───── RECORDS FOR THIS EXERCISE
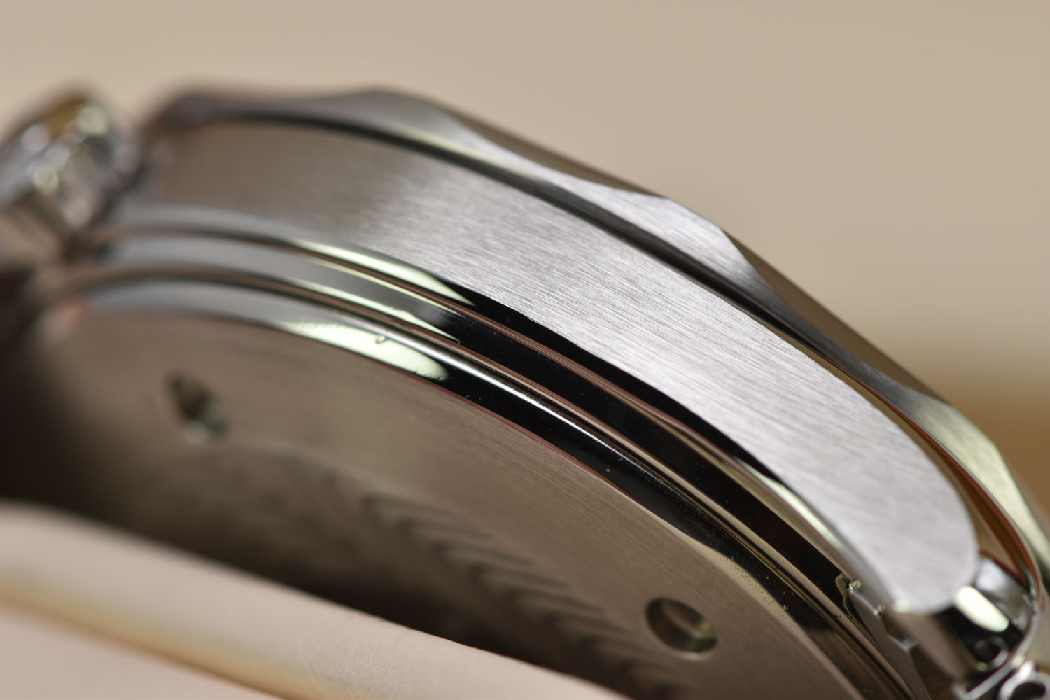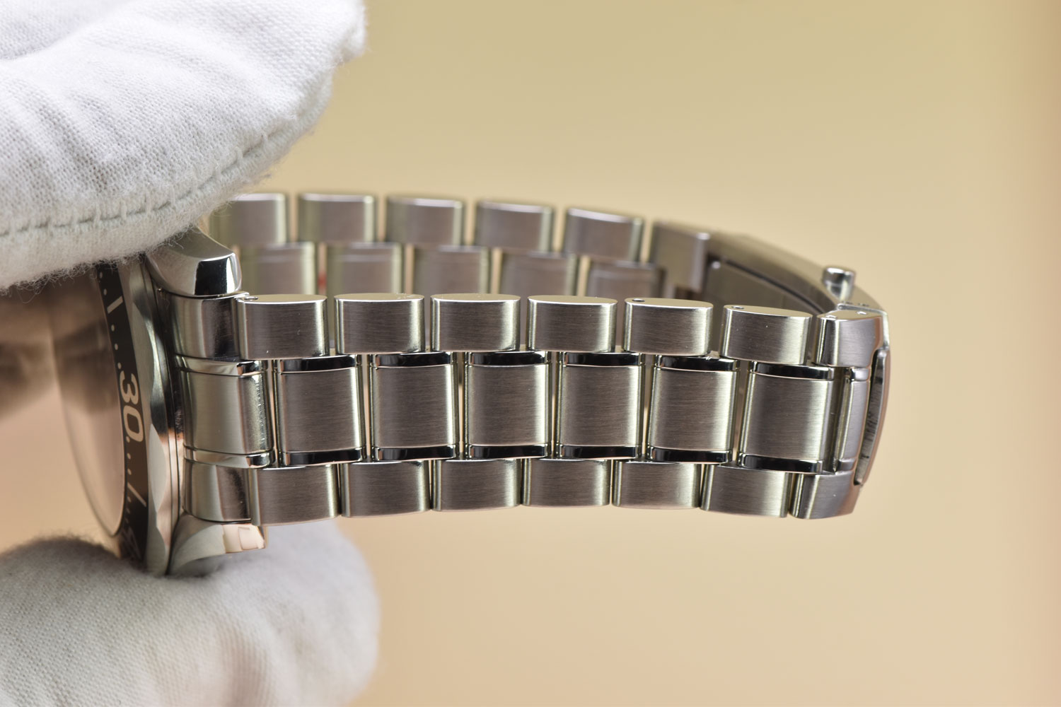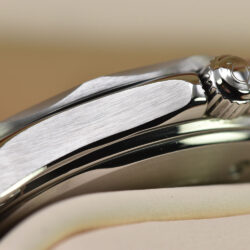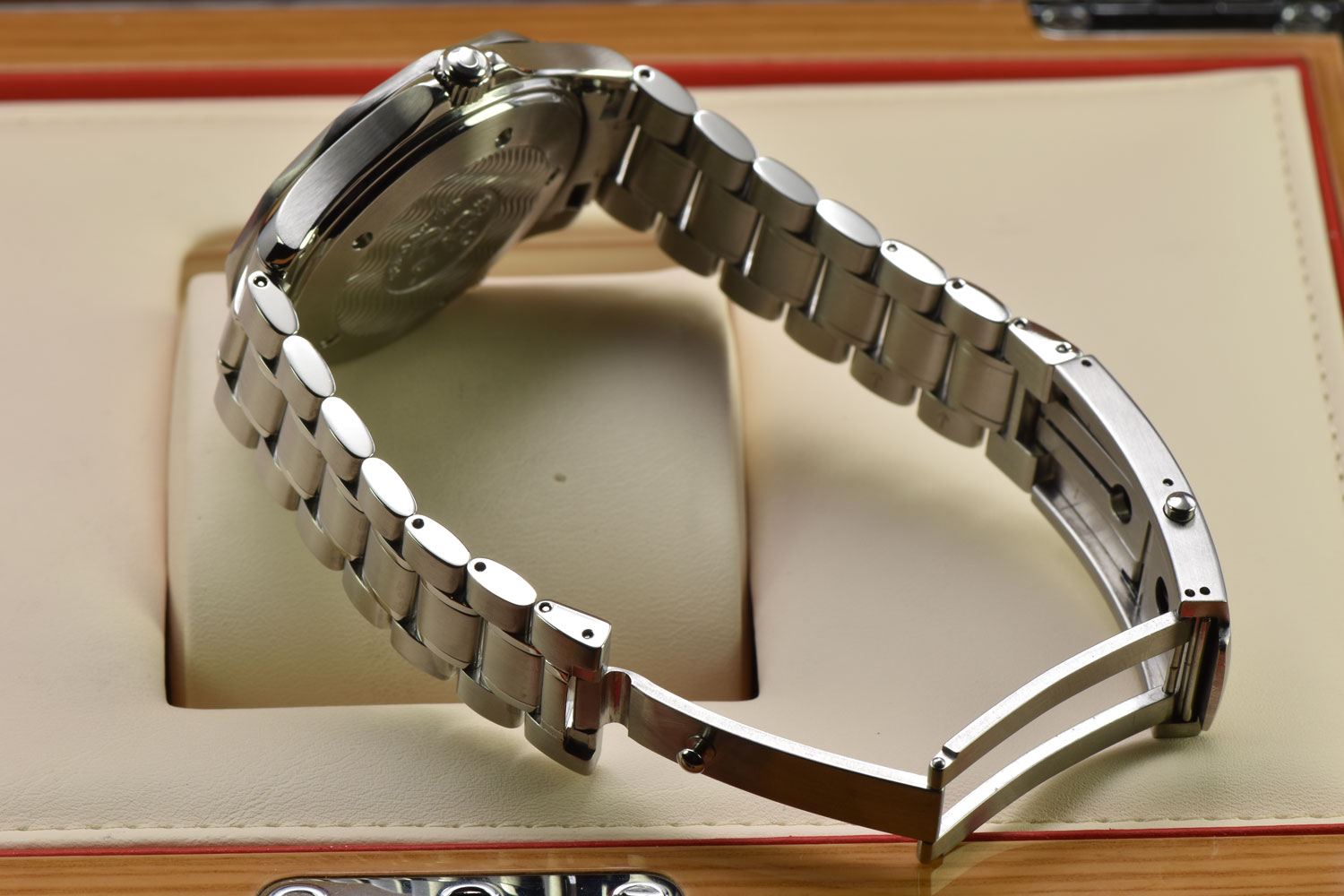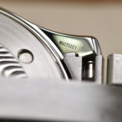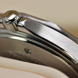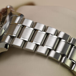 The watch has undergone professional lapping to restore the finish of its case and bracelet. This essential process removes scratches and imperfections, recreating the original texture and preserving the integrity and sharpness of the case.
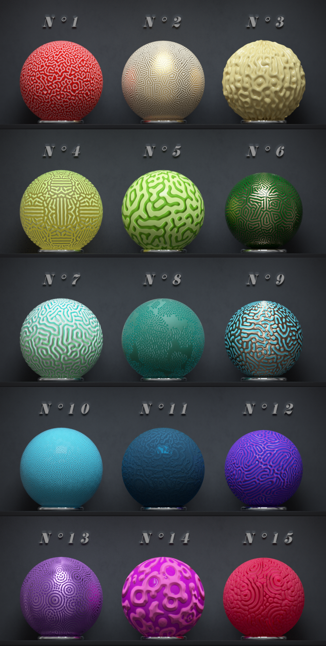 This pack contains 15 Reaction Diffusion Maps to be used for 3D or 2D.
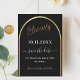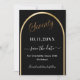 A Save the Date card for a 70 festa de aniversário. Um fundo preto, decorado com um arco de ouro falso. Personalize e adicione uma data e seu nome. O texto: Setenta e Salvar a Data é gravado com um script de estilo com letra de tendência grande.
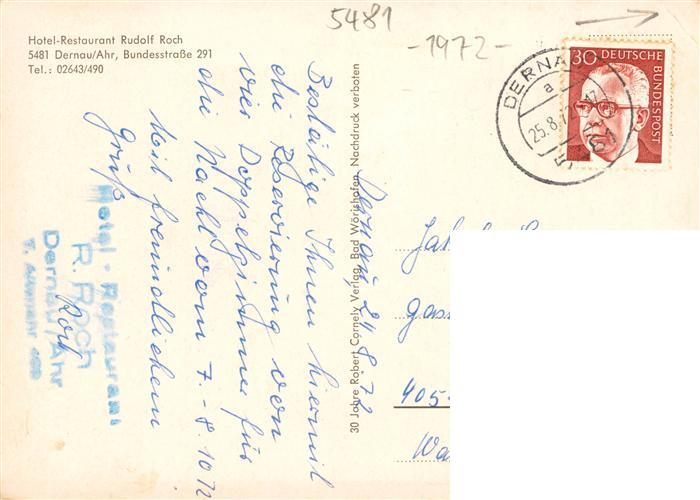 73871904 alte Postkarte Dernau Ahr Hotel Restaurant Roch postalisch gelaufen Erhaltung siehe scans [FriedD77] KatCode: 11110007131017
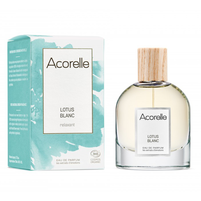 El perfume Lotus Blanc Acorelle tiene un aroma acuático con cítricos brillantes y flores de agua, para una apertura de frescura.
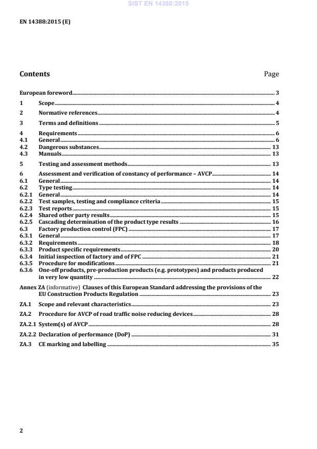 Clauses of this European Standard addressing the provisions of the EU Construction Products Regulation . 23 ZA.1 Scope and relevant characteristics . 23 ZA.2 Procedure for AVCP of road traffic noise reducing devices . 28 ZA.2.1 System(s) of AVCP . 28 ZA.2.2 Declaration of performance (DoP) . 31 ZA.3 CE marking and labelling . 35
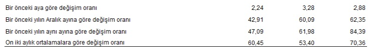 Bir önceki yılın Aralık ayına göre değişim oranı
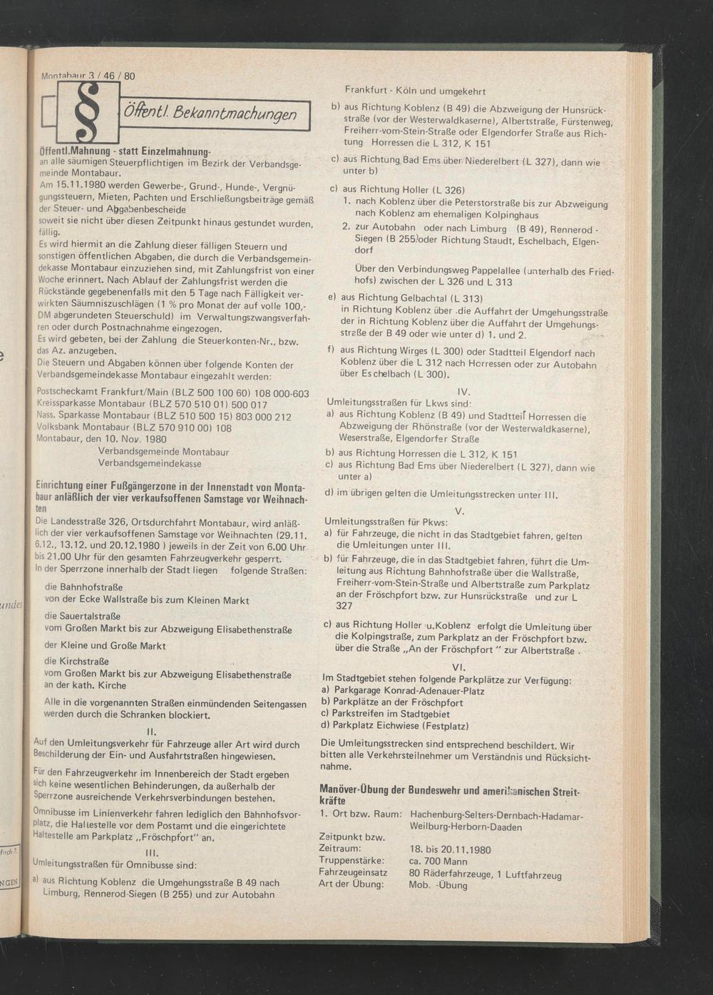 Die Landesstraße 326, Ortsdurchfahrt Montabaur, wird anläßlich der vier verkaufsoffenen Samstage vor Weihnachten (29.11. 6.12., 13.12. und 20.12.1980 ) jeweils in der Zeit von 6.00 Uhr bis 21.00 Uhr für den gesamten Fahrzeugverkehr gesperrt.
──────────
───── RECORDS FOR THIS EXERCISE
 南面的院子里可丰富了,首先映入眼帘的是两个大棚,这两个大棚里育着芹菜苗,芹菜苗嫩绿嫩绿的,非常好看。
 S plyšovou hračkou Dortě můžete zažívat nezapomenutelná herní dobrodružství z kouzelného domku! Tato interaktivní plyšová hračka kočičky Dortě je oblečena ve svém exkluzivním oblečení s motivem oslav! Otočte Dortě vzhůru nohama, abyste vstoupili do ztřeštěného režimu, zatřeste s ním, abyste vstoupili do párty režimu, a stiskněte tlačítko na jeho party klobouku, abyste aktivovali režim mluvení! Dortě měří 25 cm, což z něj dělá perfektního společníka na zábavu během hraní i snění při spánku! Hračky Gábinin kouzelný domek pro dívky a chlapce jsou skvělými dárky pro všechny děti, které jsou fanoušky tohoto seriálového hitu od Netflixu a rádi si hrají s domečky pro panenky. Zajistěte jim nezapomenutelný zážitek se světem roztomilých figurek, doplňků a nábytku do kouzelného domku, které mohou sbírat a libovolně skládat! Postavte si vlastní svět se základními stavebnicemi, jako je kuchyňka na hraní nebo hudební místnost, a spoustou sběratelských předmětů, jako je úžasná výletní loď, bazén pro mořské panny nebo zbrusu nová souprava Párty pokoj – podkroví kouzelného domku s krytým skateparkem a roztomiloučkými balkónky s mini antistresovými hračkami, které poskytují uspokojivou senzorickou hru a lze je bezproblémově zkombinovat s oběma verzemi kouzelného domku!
──────────
[YOUR INSTRUCTIONS]: Using the listing above, restate exactly the range between the lines holding "The watch has" and "Bir önceki yılın", inclusive, with pictures left out.

[RESPONSE]:
 The watch has undergone professional lapping to restore the finish of its case and bracelet. This essential process removes scratches and imperfections, recreating the original texture and preserving the integrity and sharpness of the case.
 This pack contains 15 Reaction Diffusion Maps to be used for 3D or 2D.
 A Save the Date card for a 70 festa de aniversário. Um fundo preto, decorado com um arco de ouro falso. Personalize e adicione uma data e seu nome. O texto: Setenta e Salvar a Data é gravado com um script de estilo com letra de tendência grande.
 73871904 alte Postkarte Dernau Ahr Hotel Restaurant Roch postalisch gelaufen Erhaltung siehe scans [FriedD77] KatCode: 11110007131017
 El perfume Lotus Blanc Acorelle tiene un aroma acuático con cítricos brillantes y flores de agua, para una apertura de frescura.
 Clauses of this European Standard addressing the provisions of the EU Construction Products Regulation . 23 ZA.1 Scope and relevant characteristics . 23 ZA.2 Procedure for AVCP of road traffic noise reducing devices . 28 ZA.2.1 System(s) of AVCP . 28 ZA.2.2 Declaration of performance (DoP) . 31 ZA.3 CE marking and labelling . 35
 Bir önceki yılın Aralık ayına göre değişim oranı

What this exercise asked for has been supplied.